Она забежала вперёд, развернулась к Розе лицом и продолжала идти спиной, потому что дочь Тимофея останавливаться не собиралась.

— Вы что? Вы это серьёзно — операционный блок? Я что, я правда беременна?!

— От незащищённого секса с мужчиной бывают дети, малыш, — ласково сказала Роза. — Не знала? Ну, теперь знаешь. Не споткнись, ступенька.

Своевременное предупреждение. Алёне пришлось подскочить, чтобы не шмякнуться.

— Кстати, и скачок в тренировках до Гаманина пять и два объясняется именно беременностью, — невозмутимо пояснила Роза. — Ты, конечно, скажешь, что упорно и плодотворно тренировалась в последние пять дней перед аттестацией.

Но я — старая циничная тётка-врач, повидавшая жизнь, и я знаю, что чудес не бывает. Уровень псикинозона в крови подскочил из-за пробуждения эмбриона с паранормой психокинеза, вот и вся твоя заслуга. Пришли. Сюда…

Операционная выглядела ужасающе. Стерильность, неистребимые запахи лекарств, невозмутимая Роза Тимофеевна, влезающая во врачебную спецодежду — халат, шапочка на голову, перчатки. Но больше всего паники вызвало гинекологическое кресло по центру.

— Знаю, — сочувственно сказала Роза. — Выглядит, как эшафот. Ну, что ж, добро пожаловать во взрослую жизнь. Ложись.

— А это не больно? — с опаской спросила Алёна, косясь на кресло.

— Нет. Ты вообще уснёшь, ничего не почувствуешь. Потом, когда очнёшься, возможен некоторый дискомфорт внизу живота, может быть, кровянистые выделения, общая слабость…

— А можно мне не спать? — спросила Алёна. — Я хочу смотреть!

— Не на что там тебе смотреть, — Роза начала сердиться. — Давай ложись! Или помочь тебе?

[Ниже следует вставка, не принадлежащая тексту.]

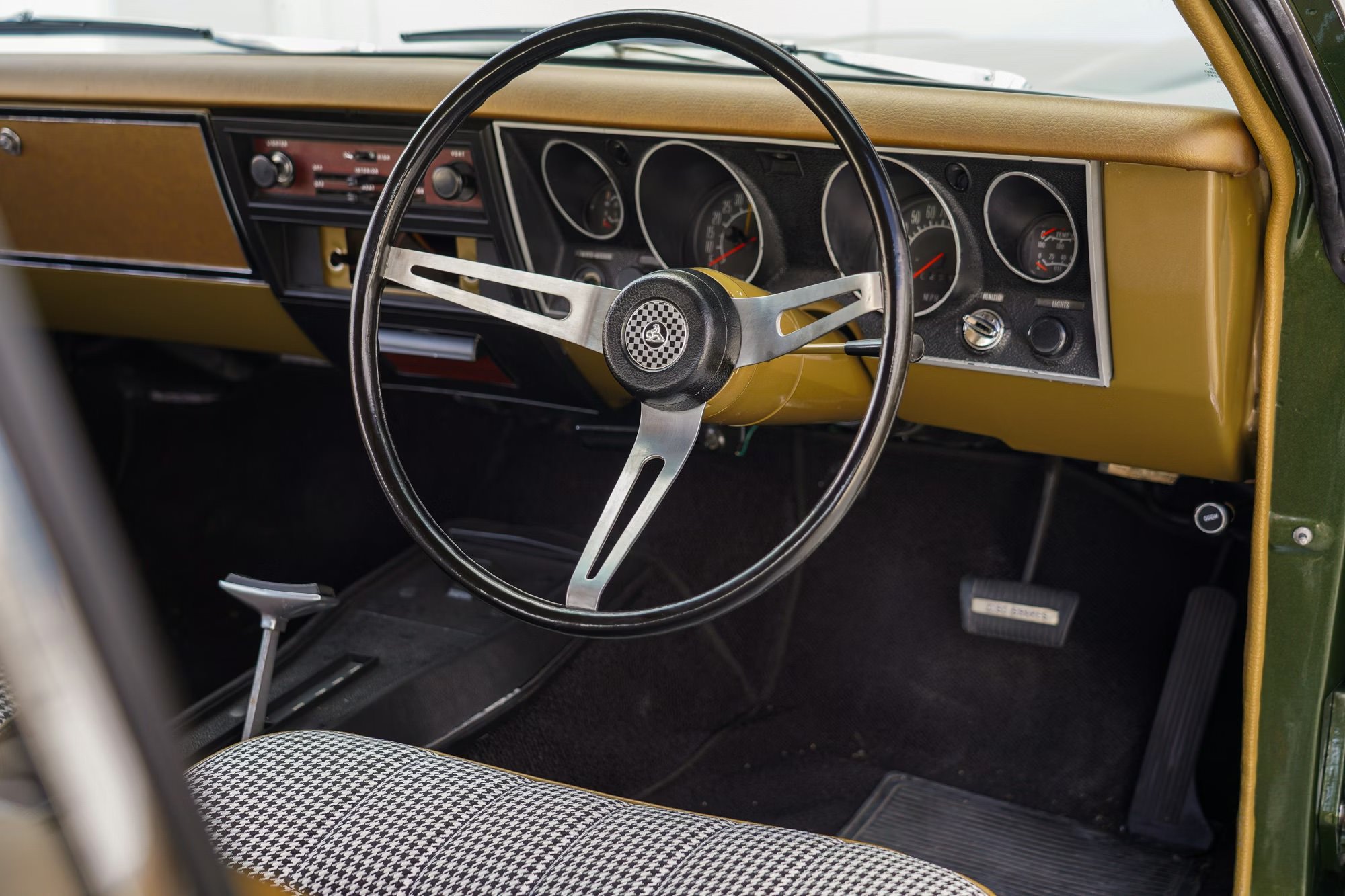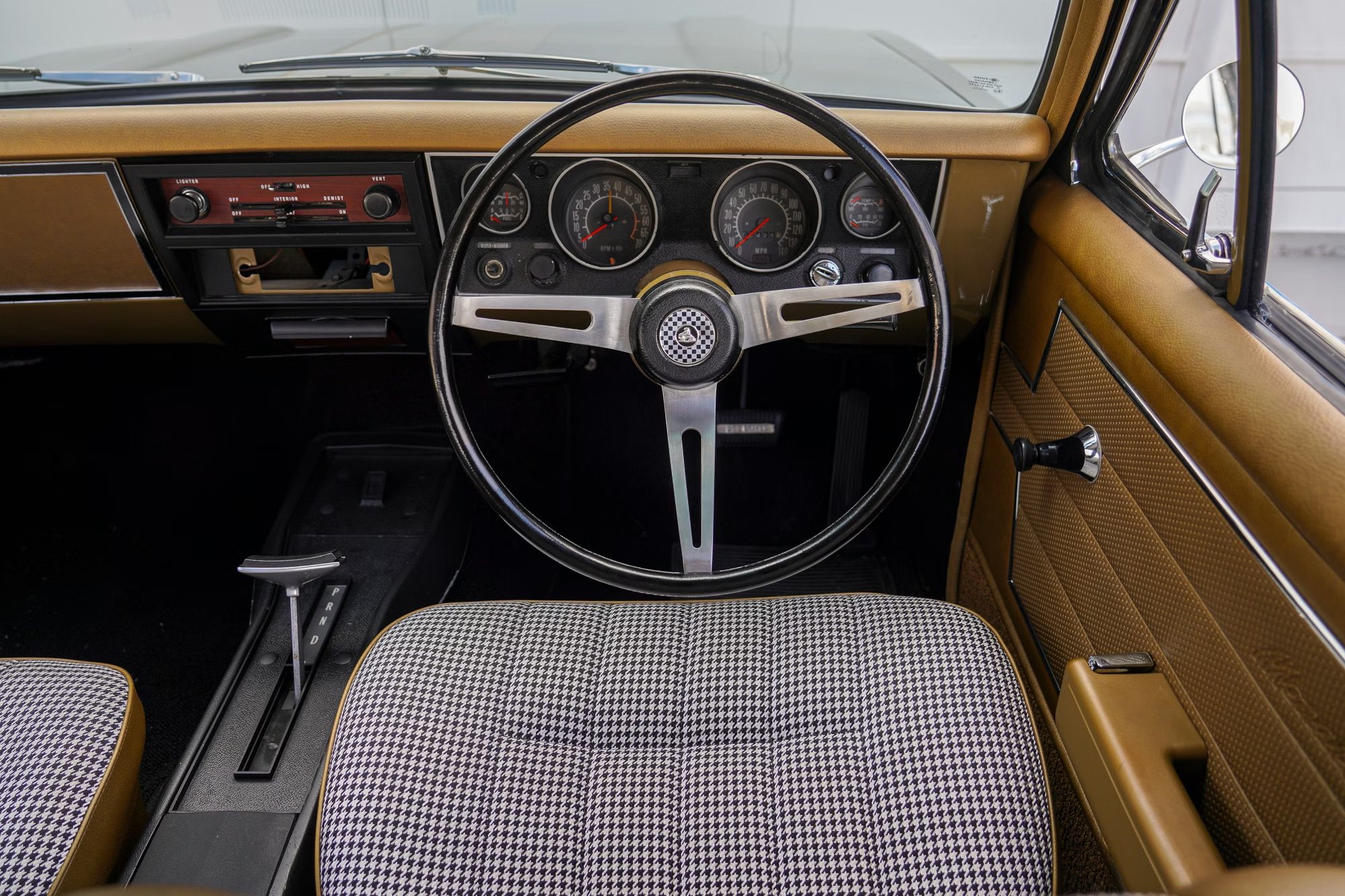 This is an original 1969 Holden HT Monaro GTS powered by the Holden 308 V8, with power sent back through a two-speed automatic transmission to the rear wheels. It’s covered approximately 104,000 miles from new, and it has classic wind-down windows with opening front quarter lights, a lockable glovebox, and a footwell-mounted fire extinguisher.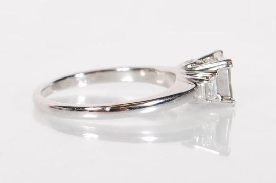An 18ct white gold pave set diamond ring. The central mount with 4 square cut diamonds flanked by recessed square cut diamond shoulders. Total weight 3.2g / Size J

Она имеет в виду телепатическое принуждение, поняла Алёна и обозлилась:

— Не надо. Сама…

Очнулась она в палате. В двухместной, но соседняя койка пустовала. Рядом сидела на стульчике Роза, держала за руку. Увидела, что девушка открыла глаза, и руку убрала. Но на коже ещё оставался жгучий след от прикосновения целительницы…

— С эмбрионом всё в порядке, — уведомила Роза. — Здоров… на удивление. Пересадка прошла успешно.

— Мне… мне надо сказать Тиму! — вскинулась было Алёна.

— Успеешь. Лежи.

«И маме», — липким ужасом прошлось по телу осознание случившейся беды. — «Она убьёт меня!»

— Когда, говоришь, произошло зачатие? — поинтересовалась Роза.

Алёна про это ничего не говорила, но, тщательно припомнив дату, назвала день.

— Да этого не может быть! — растерянно воскликнула целительница.

— Почему? — спросил Олег Ольгердович, входя в палату.

Он снова был в лабораторной одежде, отчего сознание восприняло его как хирурга из числа коллег Розы Тимофеевны.

— Возраст эмбриона старше, чем утверждает девочка. Поскольку в непорочное зачатие без специальных подручных средств я не верю, то как бы нам с вами, Олег, на прогерию не нарваться…

Прогерия. Слово звучало очень нехорошо.

— Этого ещё не хватало, — озабоченно выговорил профессор.

— Что случилось? — жалобно спросила Алёна. — О чём вы?

— Спи, — велела ей Роза. — Помочь уснуть? Матери твоей я сообщу.

— Ой, не надо, не надо маме! — в панике вскричала Алёна. — Маме я сама, сама. Пожалуйста! И засну тоже сама…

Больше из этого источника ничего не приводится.